Our animal model demonstrated progressive RV dilation and longitudinal dysfunction within 12 weeks of PR induction, consistent with early adaptive remodeling. However, the absence of significant RVEF decline or circumferential PSR changes may reflect compensatory mechanisms that transiently preserve global systolic function, as observed in the subclinical phase of human PR (23, 24). Notably, human studies indicate that overt RV failure typically manifests over years of chronic volume overload. While our 12-week follow-up captures initial pathological changes, extended observation periods (e.g., 6–12 months) may be required to model the transition from compensatory hypertrophy to decompensated failure. Future studies incorporating longer-term follow-up and longitudinal imaging could elucidate the temporal progression of PR-induced RVD.

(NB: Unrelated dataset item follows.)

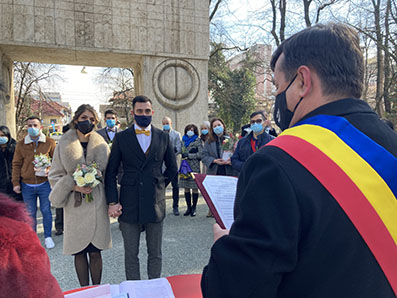 După mulţi ani în care nimeni nu s-a mai căsătorit la Poarta Sărutului cu ocazia sărbătorii iubirii pe model occidental, ieri a fost ziua în care un judecător al Tribunalului Bucureşti şi-a unit destinele cu aleasa inimii sale, o avocată de loc din capitală. Mirele este născut şi crescut la Târgu Jiu, iar acum şi el şi iubita sa au profitat din plin pentru a avea o cununie aşa cum şi-au dorit. Chiar dacă a fost frig afară, vremea însorită şi faptul că au putut să întemeieze o familie în plină pandemie le-au făcut ziua de neuitat. Florin Vâlceanu şi Nicoleta Vâlceanu s-au cunoscut în urmă cu aproximativ doi ani. Mirele a mărturisit că a văzut o poză a acesteia la o prietenă, după care au reuşit să se întâlnească. Relaţia lor s-a consolidat în vremea pandemiei, mărturisesc cei doi, când s-au convins că pot forma un cuplu dacă au reuşit să stea două luni închişi în casă, la finalul stării de urgenţă constatând că le este bine împreună. „Am văzut-o într-o poză a unei prietene de-a ei, mi-a plăcut şi aşa ne-am cunoscut. La un moment dat am venit şi la Poarta Sărutului şi acum ne-a plăcut foarte mult ideea de a ne oficia căsătoria aici. Eu sunt născut aici, crescut aici, Târgu Jiu e oraşul meu de origine, iar Parcul Central e locul meu preferat din oraş. Operele marelui sculptor m-au inspirat întotdeauna, iar aici am găsit mereu un loc de linişte. De doi ani suntem împreună, iar în cele două luni de stare de urgenţă dacă am văzut că am reuşit să convieţuim în casă, a fost ultimul test, aşa ne-am hotărât să ne căsătorim”, a spus mirele. La rândul său, mireasa a mărturisit că nu a contat frigul de afară atâta timp cât a pornit pe un drum nou în viaţă alături de persoana iubită, într-un loc deosebit. „Ne bucurăm că am avut drept martori operele marelui maestru Brâncuşi şi sper ca toată viaţa să ne fie ghidată de valori importante precum tăcerea, răbdarea şi dragostea dusă la infinit. În ceea ce priveşte frigul, când dragostea e mare, iubirea ţine de cald şi asta e tot ceea ce contează”, a spus şi mireasa. Alături de cei doi îndrăgostiţi au fost prieteni de-ai acestora, nu doar din Târgu Jiu, ci din capitală, unii dintre ei veniţi pentru prima dată la Poarta Sărutului şi mai ales într-o astfel de zi. „Pentru noi a fost destul de surprinzător pentru că la ei totul a fost mai rapid. Noi am stat mai mult până ne-am decis să ne căsătorim. Important este însă că se iubesc. Nu a mai contat nici pandemia, nici nimic, iar pentru noi a fost frumos pentru că am ajuns pentru prima dată la Târgu Jiu şi mai ales cu ocazia Sfântului Valentin. Am venit cu o zi înainte în oraş, am vizitat parcul şi, normal, ne-am sărutat şi noi aici”, a spus un cuplu venit din capitală. Ceremonia de căsătorie a fost oficiată de primarul Marcel Romanescu, edilul menţionând că a avut puţine evenimente de acest gen de oficiat în perioada pandemiei. „Numărul căsătoriilor nu a fost nici măcar la jumătate faţă de anii precedenţi, dar sperăm ca măcar în 2021 să revenim la normalitate. Nemaiputând organiza astfel de evenimente la restaurantele din Târgu Jiu cuplurile nu şi-au mai oficiat nici căsătoriile în numărul obişnuit din anii anteriori”, a explicat edilul, care a menţionat că, dacă de Dragobete va exista interes, va oficia căsătorii şi pe 24 februarie.

3.4 PR induced NLRP3 expression in RV

4 weeks post-surgery, NLRP3 expression was only detected in RVIT and RVOT. By the 8th week, NLRP3 expression had started to appear in AT and had continued to increase in both RVIT and RVOT. At the 12th week, the NLRP3 expression in AT was close to that of RVIT, although both were still lower than that in RVOT (Figure 5A). The global RV NLRP3 expression was higher at 4 weeks and 8 weeks post-surgery compared to the control group [4 weeks (0.04 ± 0.01) vs. control (0.005 ± 0.001), P = 0.04; 8 weeks (0.05 ± 0.02) vs. control (0.005 ± 0.001), P = 0.001], but the difference was not significant between the two time points (Figure 5B). The NLRP3 expression was significantly higher at 12 weeks post-surgery compared to the previous two time points [12 weeks (0.07 ± 0.02) vs. control (0.005 ± 0.001), P < 0.001; 12 weeks (0.07 ± 0.02) vs. 4 weeks (0.04 ± 0.01), P < 0.01; 12 weeks (0.07 ± 0.02) vs. 8 weeks (0.05 ± 0.02), P = 0.039] (Figure 5B). The regional RV NRLP3 expression was notably distinct from each other, with the NLRP3 expression in RVOT being always higher than that in RVIT and AT at each follow-up time point (Figure 5C).

Figure 5

Figure 5. Analysis of RV relative NLRP3 expression at different follow-up time points (n = 6 per group). (A) Immunohistochemistry stain of NLRP3 in RVIT, AT and RVOT at each follow-up time point; Scale bar: 200 μm and 20 μm. (B) Quantification comparison of global RV relative NLRP3 expression in control and intervention groups. (C) Quantification comparison of regional RV relative NLRP3 expression in control and intervention groups. Data are represented as mean ± SEM. Statistical significances were determined by single-factor repeated design ANOVA (B) and Kruskal–Wallis one-way ANOVA (C) *P < 0.05, **P < 0.01, ***P < 0.001.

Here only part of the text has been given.